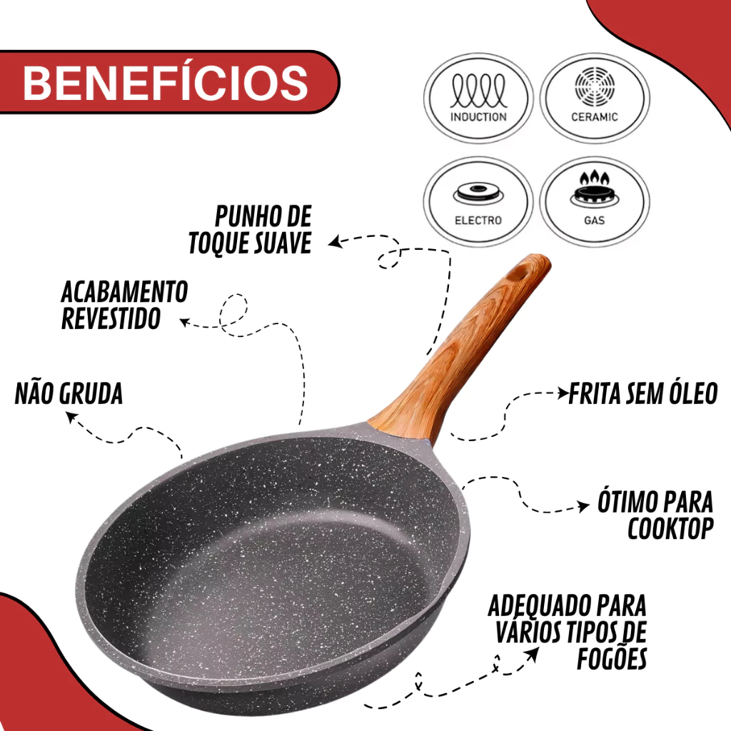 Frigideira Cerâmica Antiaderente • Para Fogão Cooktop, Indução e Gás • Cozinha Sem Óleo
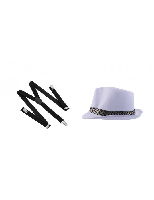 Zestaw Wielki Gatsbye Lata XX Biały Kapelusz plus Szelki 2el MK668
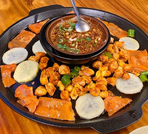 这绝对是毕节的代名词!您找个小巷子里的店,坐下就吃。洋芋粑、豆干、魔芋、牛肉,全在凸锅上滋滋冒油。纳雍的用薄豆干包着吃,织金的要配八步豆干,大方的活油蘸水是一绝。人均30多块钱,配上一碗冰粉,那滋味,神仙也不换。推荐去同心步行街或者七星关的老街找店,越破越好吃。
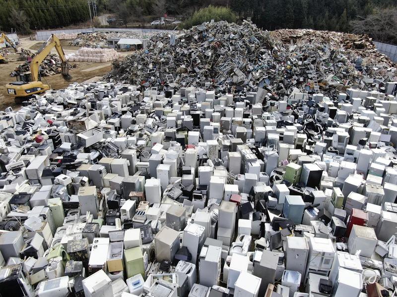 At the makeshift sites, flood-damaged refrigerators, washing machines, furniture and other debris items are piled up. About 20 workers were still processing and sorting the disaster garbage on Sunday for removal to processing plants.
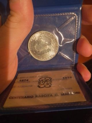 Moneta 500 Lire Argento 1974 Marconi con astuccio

--

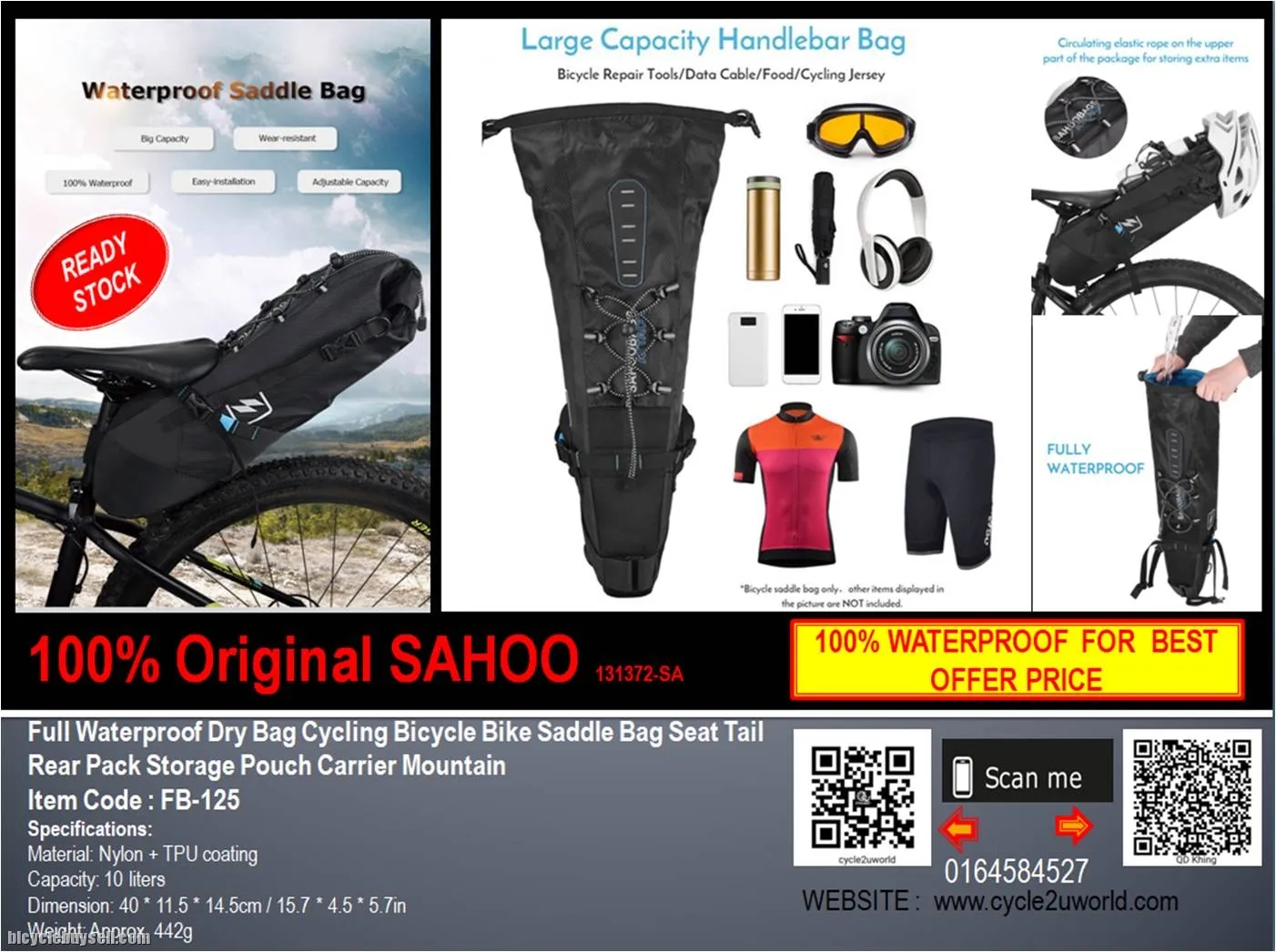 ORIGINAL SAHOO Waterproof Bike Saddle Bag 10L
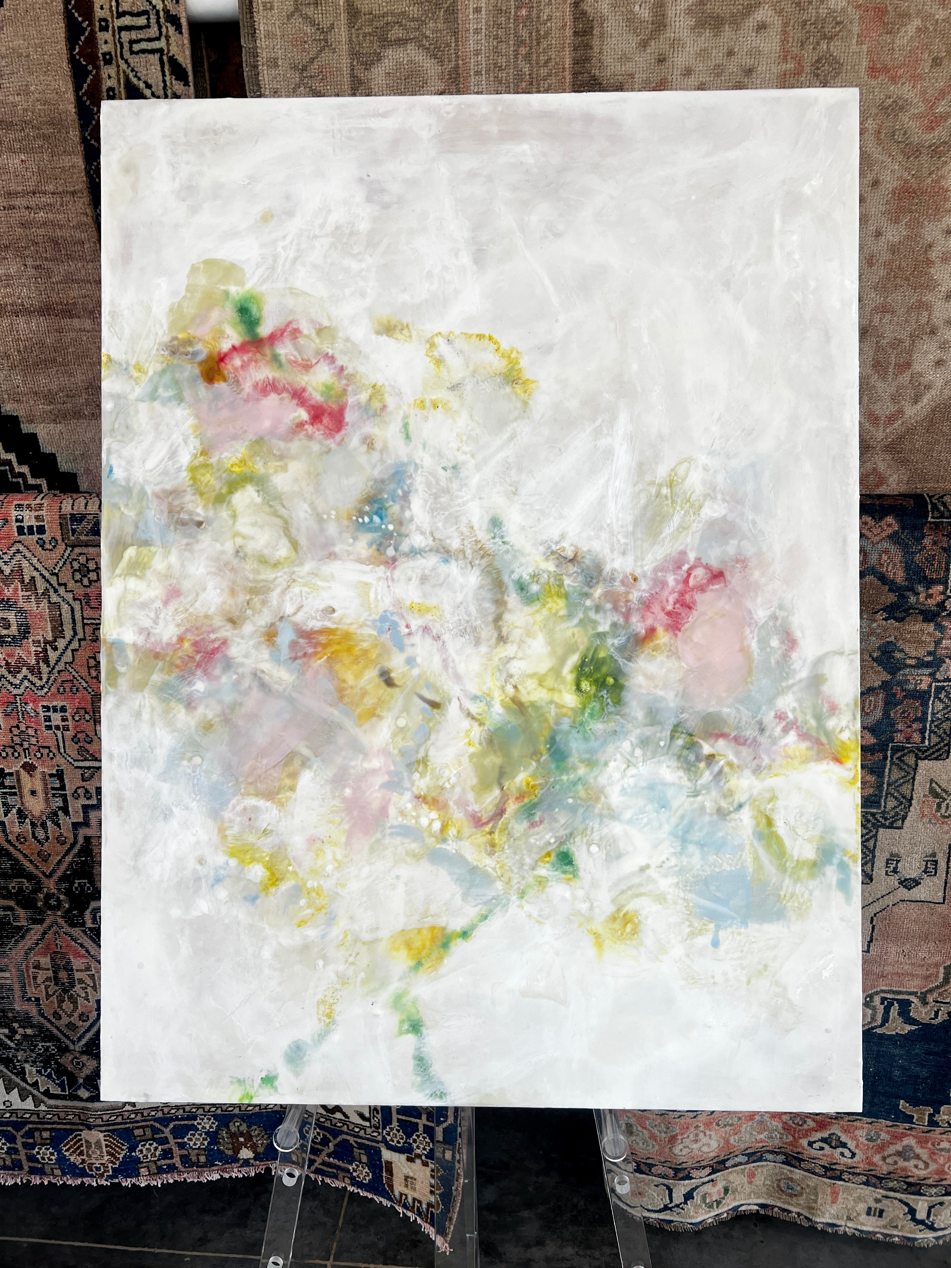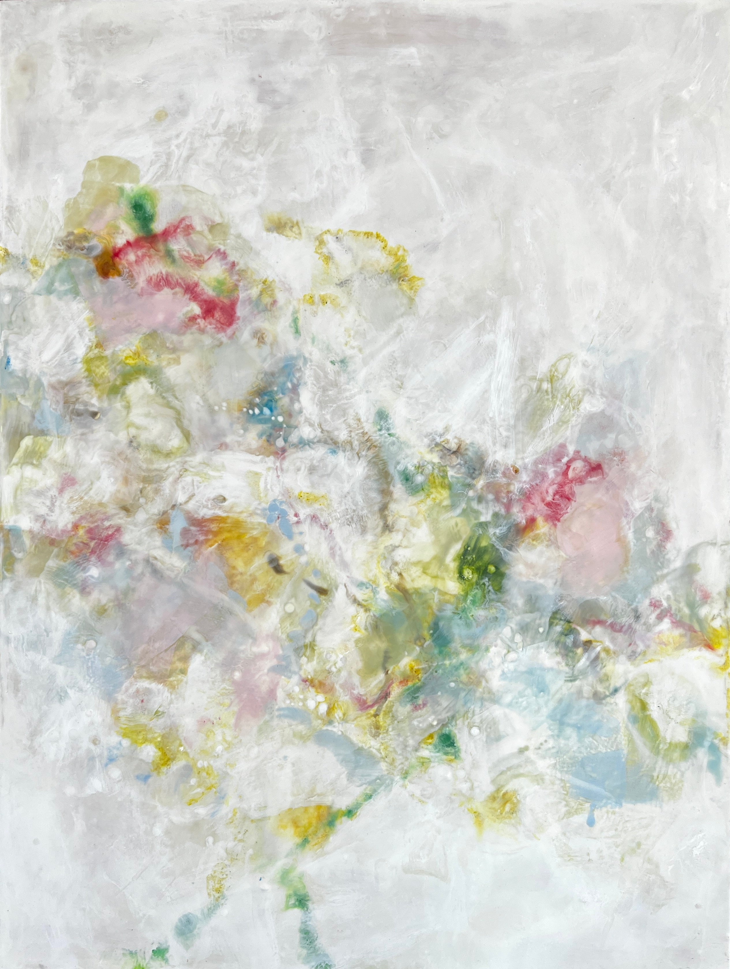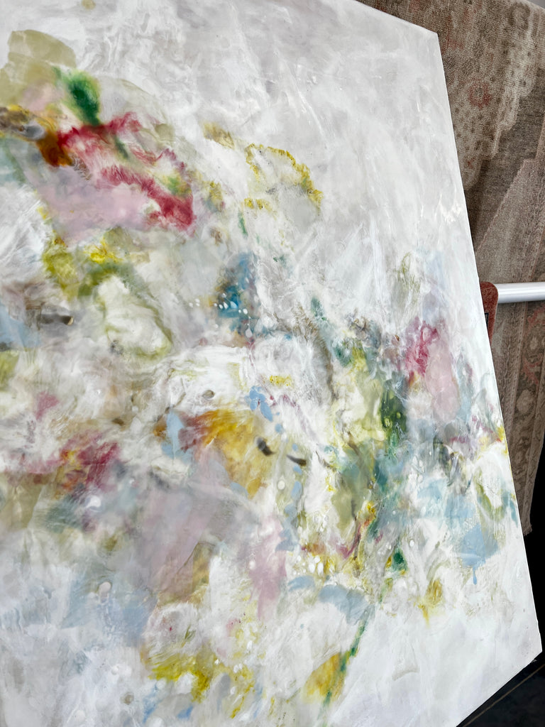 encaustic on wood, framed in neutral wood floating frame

* * *

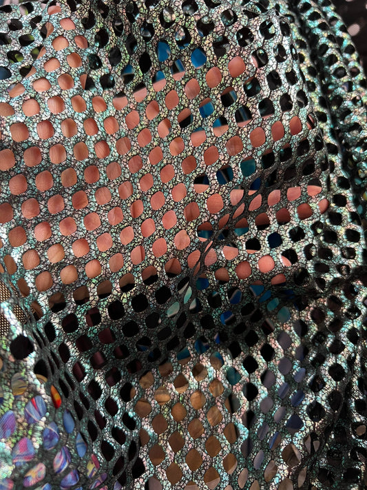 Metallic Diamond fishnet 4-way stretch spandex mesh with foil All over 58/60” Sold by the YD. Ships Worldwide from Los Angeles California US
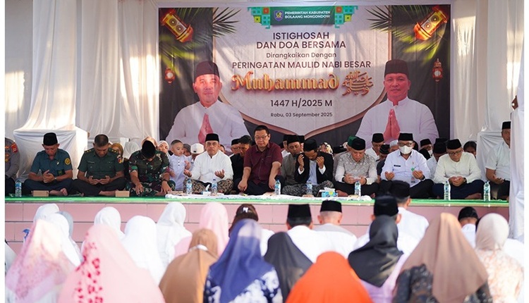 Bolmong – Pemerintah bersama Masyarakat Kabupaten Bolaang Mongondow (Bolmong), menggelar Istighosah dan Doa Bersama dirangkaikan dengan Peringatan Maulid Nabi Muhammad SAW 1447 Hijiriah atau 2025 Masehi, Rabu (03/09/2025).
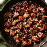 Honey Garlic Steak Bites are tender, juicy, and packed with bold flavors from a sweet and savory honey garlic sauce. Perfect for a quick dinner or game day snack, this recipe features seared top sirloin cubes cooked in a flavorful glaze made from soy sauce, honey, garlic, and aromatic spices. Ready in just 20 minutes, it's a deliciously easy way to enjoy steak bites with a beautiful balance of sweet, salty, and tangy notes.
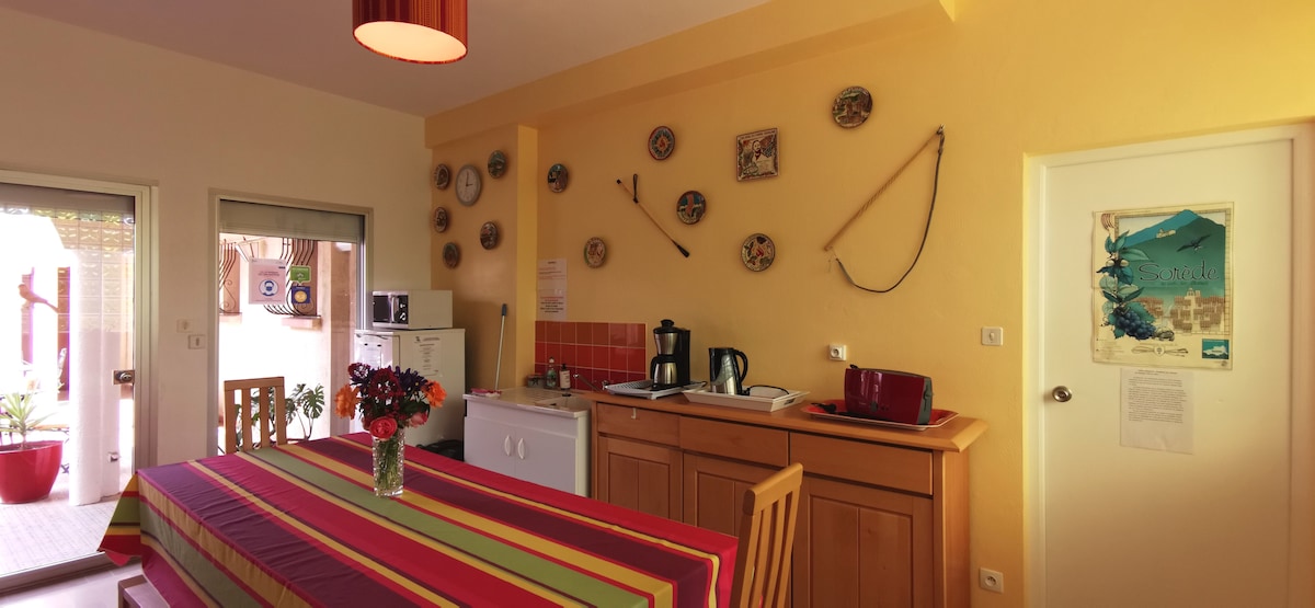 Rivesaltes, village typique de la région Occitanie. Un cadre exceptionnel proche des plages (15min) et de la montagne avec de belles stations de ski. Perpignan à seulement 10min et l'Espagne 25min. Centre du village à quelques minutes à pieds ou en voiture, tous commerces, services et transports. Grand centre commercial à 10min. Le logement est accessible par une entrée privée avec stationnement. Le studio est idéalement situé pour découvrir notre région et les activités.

* **EXERCISE GOAL**:
In the listing above, find the line containing "ORIGINAL SAHOO Waterproof". Output it and every line after it up to and including the line containing "encaustic on wood, framed", exactly, but skip the pictures.

* **ANSWER TO THIS EXERCISE**:
 ORIGINAL SAHOO Waterproof Bike Saddle Bag 10L
 encaustic on wood, framed in neutral wood floating frame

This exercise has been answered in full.